Xavier Crettiez, professeur de science politique, a conclu au printemps une étude sur les processus de radicalisation pour le ministère de la Justice. Des entretiens menés en prison, coécrits avec Bilel Ainine, chercheur en science politique, est né le livre “Soldats de Dieu. Paroles de djihadistes incarcérés”, à paraître le 7 septembre. Un portrait quasi clinique du djihadisme. Interview et extraits.
Vous êtes à l’origine chercheur spécialisé dans la violence et la radicalisation en politique, notamment au sein des mouvements basques et corses. Pour “Soldats de Dieu”, vous avez recueilli la parole de djihadistes incarcérés. Avez-vous décelé des similitudes avec votre ancien objet de recherche ?
Xavier Crettiez : Bizarrement, oui. J’ai souvent retrouvé chez ces djihadistes une même cohérence dans le discours et dans la structuration idéologique que chez les nationalistes corses ou basques avec qui j’ai pu échanger auparavant. Et parallèlement, je note la même “invisibilité” de ce discours.
[…]Parmi eux, aucun repenti, ou, au moins, exprimant des doutes…
Ceux que nous avons rencontrés revendiquaient totalement leur engagement, ce qui évidemment laisse perplexe quant au travail de déradicalisation… L’un, qui dans sa cellule passe sa journée à lire le Coran, dort par terre par piété, nous a expliqué :
“Je n’ai aucune envie de tuer ni aucune haine pour la France, mais je serai contraint de le faire en sortant de prison puisque c’est Dieu qui le veut !”

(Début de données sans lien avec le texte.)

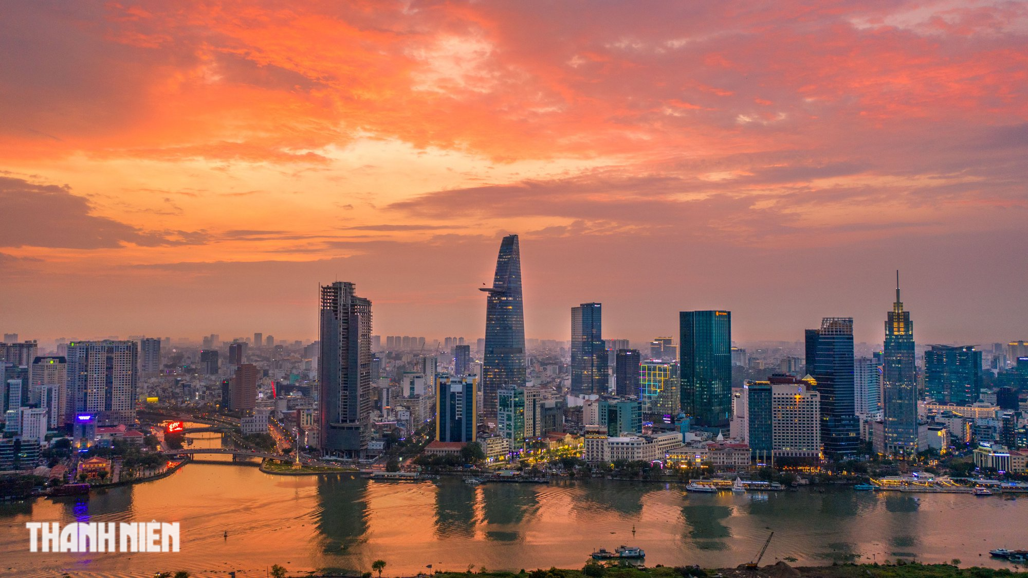 Ánh nắng cuối ngày nhuộm đỏ một góc trời. Bitexco Financial Tower từng là tòa nhất cao nhất thành phố với 68 tầng (262m) (ảnh: BÙI VĂN HẢI)

En fait, je crois qu’ils étaient satisfaits de débattre leurs convictions idéologiques avec nous. Certains sont très structurés intellectuellement, contrairement à l’idée commune, et rassurante, qui veut les faire passer pour des fous décérébrés. […]

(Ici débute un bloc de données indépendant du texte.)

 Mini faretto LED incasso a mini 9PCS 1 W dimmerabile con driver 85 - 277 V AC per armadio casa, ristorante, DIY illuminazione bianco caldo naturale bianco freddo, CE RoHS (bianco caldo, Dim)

Ils connaissent pour la plupart très bien les spécialistes de la radicalisation, Khosrokhavar, Burgat. Ou Kepel, qu’ils semblent en revanche tous vouer aux gémonies.

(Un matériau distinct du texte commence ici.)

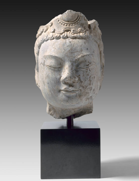 DescriptionLimestone head of a Bodhisattva finely carved with arched brows, elongated eyes, broad nose and full lips. The back part of the head is partly missing. The hair is arranged in regular curls, coiling to each side from the center, in a line along the forehead and in front of the ears. It wears the remains of an elaborate diadem of three parts, the central section carved with a large jewel in front - held in place by a strap or ribbon, a fragment of which remains behind the head.Exhibition HistoryChinese Buddhist Sculpture, Eskenazi Ltd. Oriental Art, London, England, June 1997, no. 5.

Effet de mode, ou d’entraînement, je ne sais pas. Mais c’est vrai que les critiques contre Kepel, qu’ils voient comme un adversaire de l’islam, étaient toutes si unanimes et ordonnées que c’en était frappant ! Assez inattendu aussi, l’adhésion de certains aux thèses de Michel Onfray. Ou d’Eric Zemmour. […]
Abdel : “Une fois, j’étais dans un bus et j’ai dit à un frère qui était avec moi : comment ils vont arrêter les Français lorsque les talibans seront ici ? ! Il a rigolé, il m’a dit, mais tu penses qu’eux ils vont combattre, regarde-les ! Et là j’ai tourné mon regard et je les ai regardés les écouteurs sur la tête machin et tout, tu leur demandes de faire un 100 m ils s’écroulent par terre. Qu’est-ce qu’ils vont faire ! Les jeunes ne sont plus des jeunes ici, ils sont déjà vieux, ce n’est pas un pays de combattants… […] Prenons les Russes, par exemple. Ils combattaient, ils criaient, ils aiment leur pays et tout. Ça, c’est une armée difficile à combattre parce qu’elle a un but. Mais prenez un Français, il va combattre quoi ? La patrie ? La patrie des jeunes, c’est Apple ! Le drapeau français, ils l’ont foutu dehors. Il n’y a rien de patriotique […]. Plus le temps avance, mieux c’est pour nous ! Parce qu’on voit bien comment devient la société française. Pour l’instant, elle ne se dirige pas vers un pays de combattants. ”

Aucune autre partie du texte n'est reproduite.